🤖 AI Summary
This work addresses the lack of theoretical guarantees for low-dimensional marginal approximation in large graph models. We propose an efficient, structure-aware marginal inference framework grounded in local graph topology. Our key contributions are threefold: (i) We introduce Stein’s method to marginal analysis for the first time, defining a δ-locality condition and deriving dimension-free bounds on marginal approximation error; this condition naturally subsumes common structural assumptions such as sparsity. (ii) We design two localized algorithms—local likelihood-guided subspace projection and local score matching—enabling both sampling and density estimation to be performed locally. (iii) Theoretical analysis and empirical evaluation demonstrate that our approach substantially reduces sample complexity and computational cost, supports parallel implementation, and achieves both high efficiency and accuracy in high-dimensional marginal inference.
📝 Abstract
Many spatial models exhibit locality structures that effectively reduce their intrinsic dimensionality, enabling efficient approximation and sampling of high-dimensional distributions.
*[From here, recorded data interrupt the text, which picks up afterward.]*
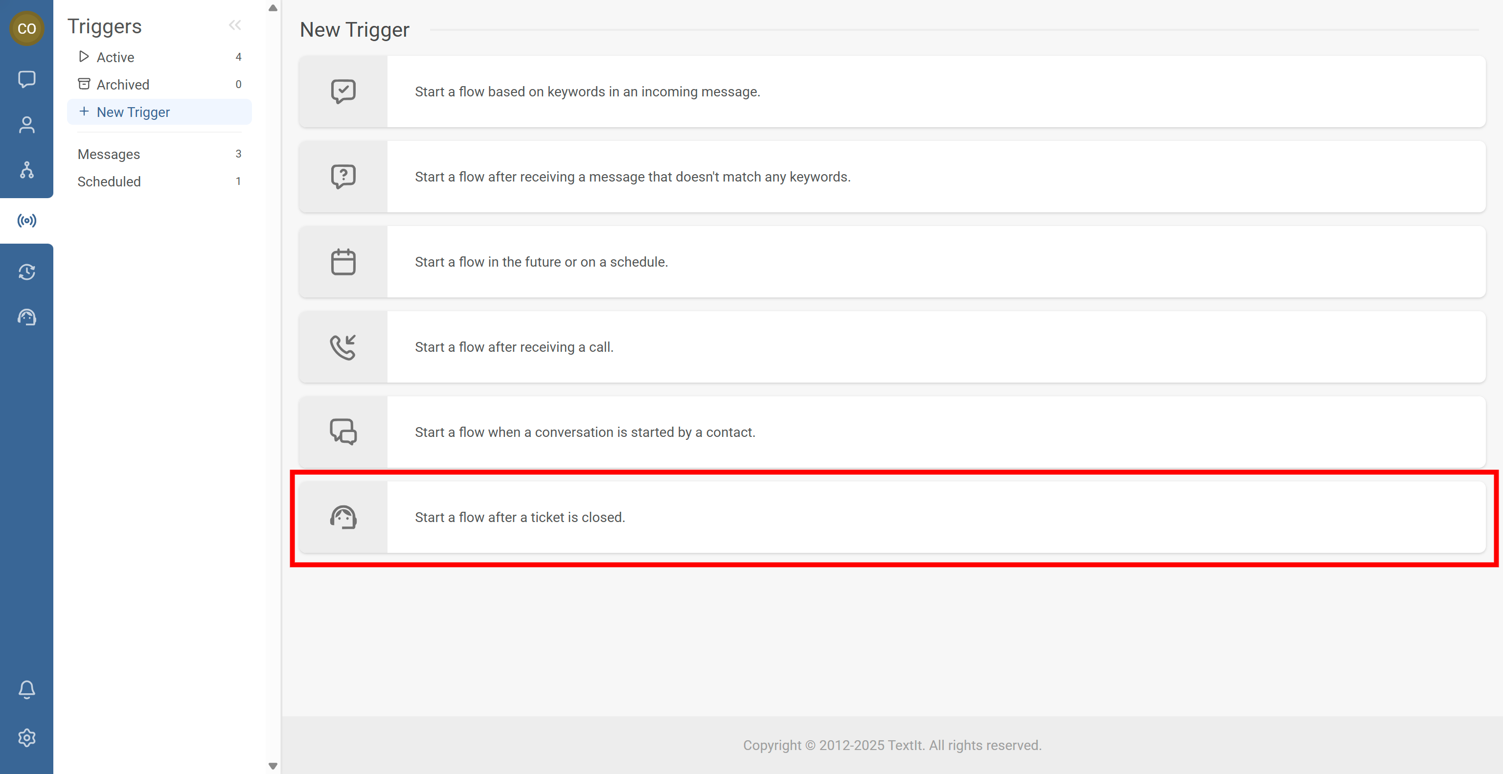 3. Select Start a flow after a ticket is closed.
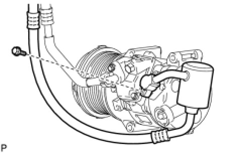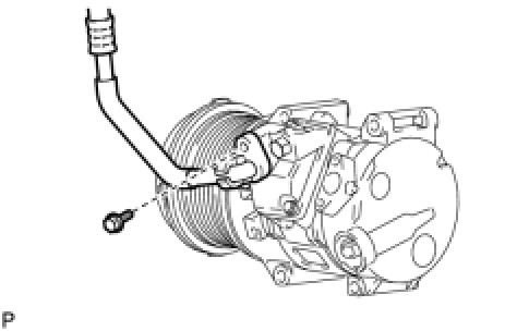 (a) Remove the bolt and disconnect the discharge hose sub-assembly from the compressor and pulley.
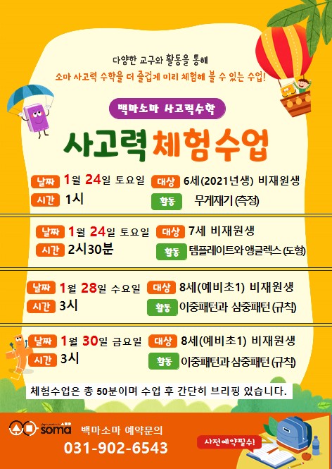 백마소마에서 1월에 소마 사고력 체험수업을 진행합니다. 6세~8세 (예비초1)을 대상으로 아래와 같이 진행할 예정입니다. 체험수업은 총 50분이며 수업 후 간단히 브리핑 있을 예정입니다. 소마 사고력 수학에 대해 평소 궁금하셨거나 우리 아이가 수업 적응을 잘할 수 있을까? 궁금했던 어머님들은 1월 체험 수업 신청해 보세요. 전화나 문자로 신청하시면 됩니다. 031-902-6543 010-2742-9127 (선착순 마감예정) <img src="https://blogthumb.pstatic.net/MjAyNjAxMTBfMTYx/MDAxNzY4MDMxOTAyOTcy.31LNK6ndDFX-giOYdWaMN444Nz8rMsV2jMhy96vcJjkg.dN7Gfc9t7VMBja61EvcFVujZLavDWyxxBJvX59blYGkg.JPEG/%C3%BC%C7%E8%BC%F6%BE%F7%BE%C8%B3%BB_.jpg?type=s3" />
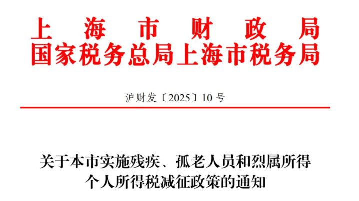 12月30日,上海市税务局发布《对于本市实施残疾、孤老东谈主员和烈属所得个东谈主所得税减设备略的告知》。
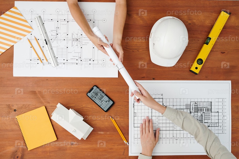 Плоская игра рук молодой архитектуры, передающая прокатный план коллеге
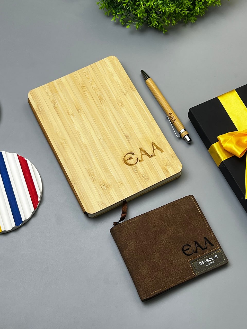 Wooden Notebook set(PEN) with Picture Page and a Wallet
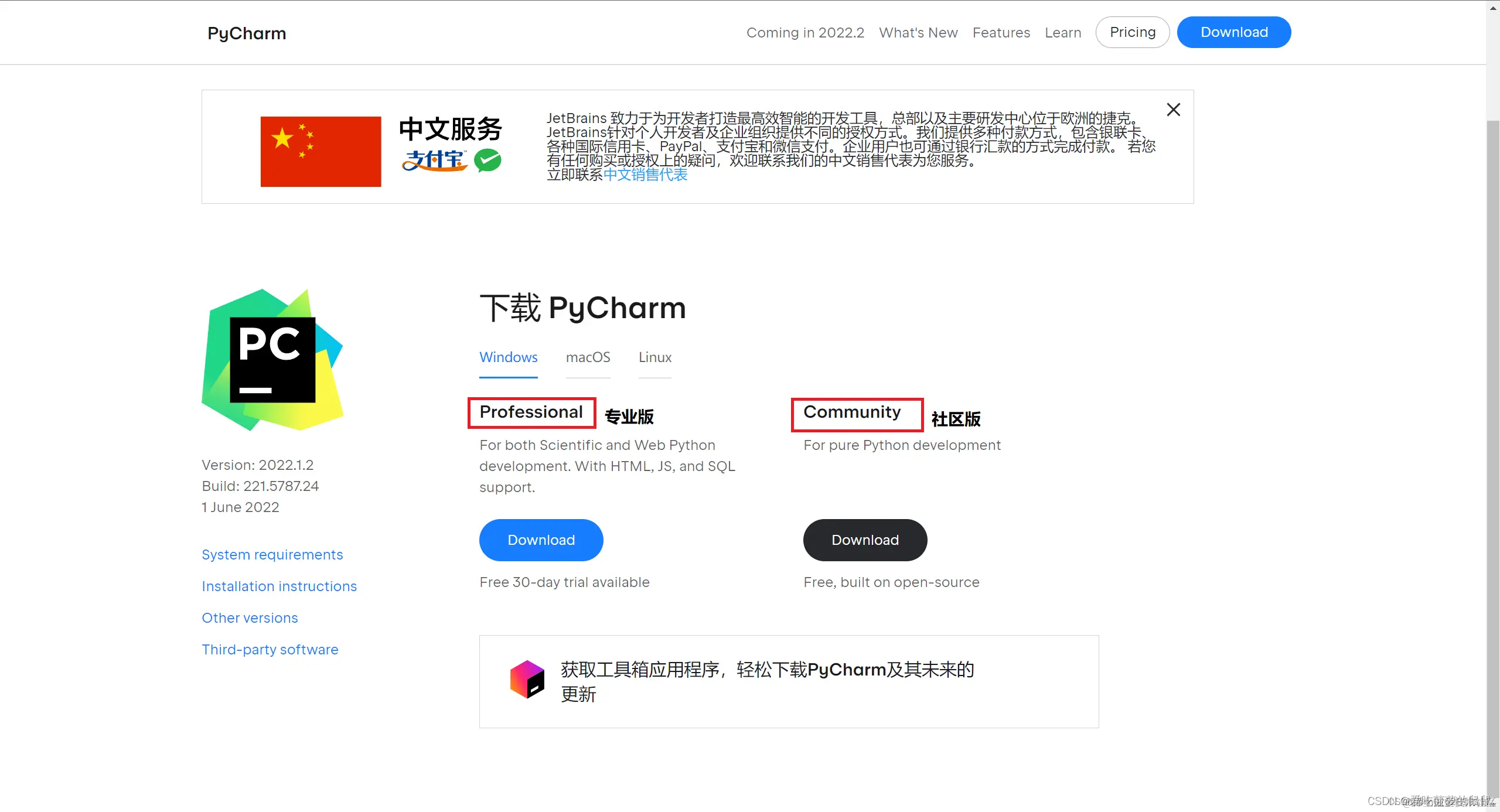 建议官网下载www.jetbrains.com/pycharm/dow…
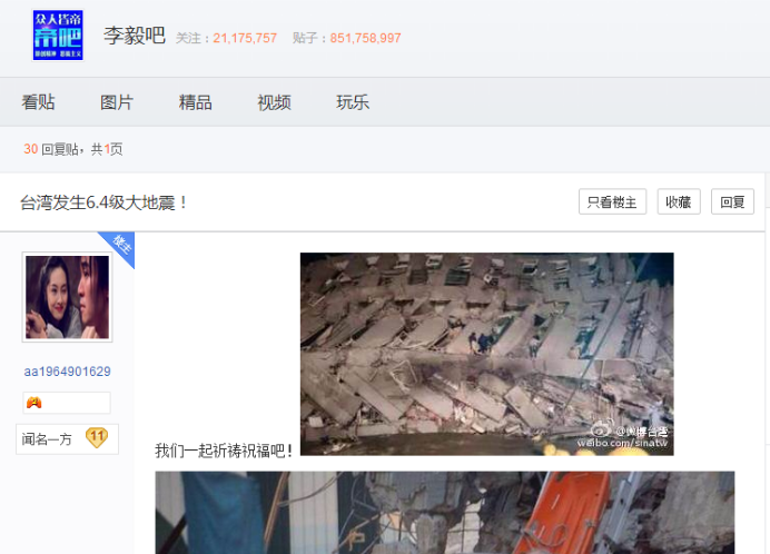 地震发生后,中国青年网记者在此前因帝吧出征行动,为海峡两岸网友熟知的百度李毅吧上发现,不少网友相继发布台湾地震的有关图文消息,并号召吧内网友共同祈福,称兄弟之间吵架归吵架,为台湾高雄祈福。

However, existing approximation techniques mainly focus on joint distributions, and do not guarantee accuracy for low-dimensional marginals. By leveraging the locality structures, we establish a dimension independent uniform error bound for the marginals of approximate distributions. Inspired by the Stein's method, we introduce a novel $delta$-locality condition that quantifies the locality in distributions, and link it to the structural assumptions such as the sparse graphical models. The theoretical guarantee motivates the localization of existing sampling methods, as we illustrate through the localized likelihood-informed subspace method and localized score matching. We show that by leveraging the locality structure, these methods greatly reduce the sample complexity and computational cost via localized and parallel implementations.